For my time of day access restrictions for my kids, I have a set of static leases associated with certain devices that will not be blocked at night. The rest are dynamically assigned. Then, during the specified hours, all ip address not associated with the static leases are blocked to the wan. I did it this way since it is trivial to spoof a mac address (my son already tried it and was punnished). So here's my question:
If someone were to set their computer's ip to one that is statically leased to another device and that device is off, I assume they would have normal internet access, right? Is there a way in iptables to block an ip that is not associated with a certain mac address?
You want to block an ip if not associated with a MAC address, because Mac spoofing is easy ? Not sure I understand your question. Solution might also be device/build dependant. Wiki on whitelisting or limiting dhcp leases to the exact number you need, or blacklisting might be useful information.
In any event, the simple solution to your problem is to turn off the router radio for an hour or two at bedtime.
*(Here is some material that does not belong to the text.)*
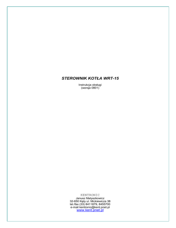 STEROWNIK KOTŁA WRT-15 Instrukcja obsługi (wersja 0801) KENTRONIC Janusz Matyszkowicz 32-650 Kęty ul. Mickiewicza 38 tel./fax (33) 8411879, 8455700 e-mail [email protected] www.kent.pnet.pl Regulator *WRT-15* przeznaczony jest do stosowania w układach automatycznej regulacji temperatury, do sterowania pracą wentylatorów i podajników w kotłach na paliwo stałe oraz pomp obiegu wody c.o. i c.w.u. *WRT-15* jest elektronicznym, dwustanowym regulatorem temperatury z czterema kanałami wyjściowymi umoŜliwiającymi sterowanie czterech urządzeń (silników podajnika, wentylatora, 2 pomp). Wyłączenie kanału sterującego silnikiem podajnika, następuje wówczas, gdy temperatura rzeczywista (wody) TEMP. C.O., zmierzona zewnętrznym czujnikiem, będzie równa lub większa od wartości zadanej [Tz1] (temp. zadana wody c.o.). Kanał ten moŜe zostać włączony na stałe – dla tv=0 lub pracować cyklicznie z zadanymi czasami pracy [tw] i czasami przerw [tv]. Drugi kanał, sterujący pracą silnika nadmuchu zostaje włączony podobnie jak pierwszy kanał. Natomiast jego całkowite wyłączenie nastąpi z opóźnieniem, po zadanym czasie [tn], licząc od momentu osiągnięcia przez temperaturę rzeczywistą wartości zadanej, czyli od momentu wyłączenia podajnika. Od tego momentu obroty wentylatora zastają automatycznie zmniejszane, aŜ do zupełnego zatrzymania po czasie tn. Trzeci kanał, sterujący pracą pompy obiegu wody, pracuje niezaleŜnie od pozostałych. Włączenie następuje, gdy temperatura rzeczywista wody jest równa lub większa od wartości zadanej [Tp] (temp. zadana pompy). Wyłączony zostaje, gdy temperatura wody obniŜy się o 2oC poniŜej wartość Tp. Czwarty kanał steruje pompą ciepłej wody uŜytkowej (c.w.u.) zasilającej wymiennik/zasobnik. Kanał ten związany jest z układem pomiaru temperatury TEMP. C.W.U. Jeśli temperatura zmierzona czujnikiem c.w.u. obniŜy się poniŜej wartość zadaną [Tz2] o wartość histerezy c.w.u. to wówczas zostanie włączona pompa c.w.u. i wyłączona pompa c.o. Kanał ten (sterujący pompą c.w.u.) jest kanałem priorytetowym, tzn. spadek temperatury w zasobniku (wymienniku) poniŜej wartość zadaną, zawsze spowoduje wyłączenie obiegu wody c.o. i włączenie pompy c.w.u. Włączenie pompy c.w.u. jest równoznaczne z automatycznym ustawieniem temperatury wody w kotle do poziomu o 15oC wyŜszego niŜ temperatura zadana (Tz2 + 15). Po osiągnięciu w zasobniku temperatury zadanej [Tz2] temperatura wody w kotle powraca do zadanej wartości [Tz1]. Wyłączenie (zablokowanie) tego kanału moŜliwe jest poprzez ustawienie minimalnej temp. zadanej [Tz2] lub poprzez odłączenie czujnika c.w.u. Sterownik wyposaŜony jest w układ blokady - jeŜeli w określonym czasie [to] (licząc od momentu włączenia podajnika i nadmuchu) temperatura rzeczywista obniŜy się o 3oC, wówczas regulator zostanie zablokowany (wyłączone kanały wyjściowe podajnika i nadmuchu). Włączenie blokady nastąpi równieŜ wówczas, gdy przez okres 60 minut temperatura rzeczywista nie osiągnie poziomu temperatury zadanej (gdy to>0). Powrót do normalnej pracy nastąpi po naciśnięciu przycisku wyboru parametrów pracy. Funkcja blokady moŜe zostać wyłączona, poprzez ustawienie wartości czasu włączenia blokady to=0. Stan blokady sygnalizowany jest przerywanym sygnałem dźwiękowym. System blokowania nie ma wpływu na pracę pompy c.o. Sterownik *WRT-15* posiada system automatycznego "przepalania" kotła, zabezpieczający przed wygaśnięciem, w przypadku, gdy temperatura rzeczywista przez długi okres czasu nie obniŜy się poniŜej wartość zadaną. Czas "przepalania" [tp] oraz czas przerwy pomiędzy kolejnymi włączeniami [ti] są regulowane, umoŜliwiając pracę sterownika z róŜnymi kotłami, w róŜnych warunkach. Ustawienie wartości tp=0 powoduje zablokowanie tej funkcji. Funkcja jest blokowana automatycznie przy wzroście temperatury wody powyŜej 90oC. Sterownik *WRT-15* wyposaŜony jest w programator czasowy umoŜliwiający programową zmianę temperatury wody w cyklu dziennym lub tygodniowym. Osiem kroków programowych umoŜliwia uŜytkownikowi wprowadzenie dowolnego cyklu zmian temperatury. Programowe obniŜenie temperatury sygnalizowane jest świeceniem diody LED „PROGRAM TEMP. OBN.”. Urządzenie dostarczane jest z wprowadzonym, przykładowym programem zmian temperatury, który to program uŜytkownik moŜe dowolnie zmieniać. Urządzenie *WRT-15* posiada złącze dodatkowego czujnika temperatury, mierzący temperaturę zasobnika lub podajnika. Czujnik ten zabezpiecza przed samoczynnym przedostawaniem się płomienia do podajnika i zasobnika. Przekroczenie temperatury 90oC powoduje automatyczne włączenie podajnika i przesuwanie palącego się paliwa w stronę paleniska. STEROWNIK TEMPERATURY *WRT-15* - temp. włączenia pompy c.o. - cykliczna praca podajnika (czas pracy i czas przerwy) - czas zadziałanie blokady - obroty wentylatora - opóźnienie sterowania nadmuchu w stosunku do podajnika Ręczne sterowanie kanałami wyjściowymi Funkcja „przepalania kotła” Programator czasowy umoŜliwiający zmiany temperatury w cyklu dziennym lub tygodniowym Wielogodzinna praca zegara przy braku napięcia sieciowego Funkcja blokady podajnika i nadmuchu w przypadku wygaśnięcia ognia MoŜliwość sterowania z niezaleŜnego regulatora temperatury umieszczonego w mieszkaniu Sygnalizacja akustyczna naciśnięcia klawiatury, blokady i stanów alarmowych Opis techniczny 2 tory pomiaru temperatury - temperatura wody c.o. - temperatura wymiennika c.w.u. 4 kanały wyjściowe - sterowanie silnika podajnika - sterowanie wentylatora nadmuchu - sterowanie pompy obiegu wody c.o. - sterowanie pompy c.w.u. Ogranicznik temperatury zabezpieczający system przed przegrzaniem kotła w przypadku awarii Układ nadzoru temperatury podajnika zabezpieczający przed cofaniem się ognia do zasobnika Regulacja parametrów w szerokim zakresie: - temp.

Then the kids can't get on wirelessly, and everyone else is forced to "have a real life" for an hour or so. _________________ SIG:
I'm trying to teach you to fish, not give you a fish. If you just want a fish, wait for a fisherman who hands them out. I'm more of a fishing instructor.
LOM: "If you show that you have not bothered to read the forum announcements or to follow the advices in them then the level of help available for you will drop substantially, also known as Murrkf's law.."
You want to block an ip if not associated with a MAC address, because Mac spoofing is easy ? Not sure I understand your question. Solution might also be device/build dependant. Wiki on whitelisting or limiting dhcp leases to the exact number you need, or blacklisting might be useful information.
In any event, the simple solution to your problem is to turn off the router radio for an hour or two at bedtime. Then the kids can't get on wirelessly, and everyone else is forced to "have a real life" for an hour or so.
OK.
Scenario 1:
DDWRT Access restrictions configured to block certain mac addresses between 11:00pm and 6:00am. All ip's dynamic DHCP. Child changes mac address on pc, get's internet access after 11:00pm.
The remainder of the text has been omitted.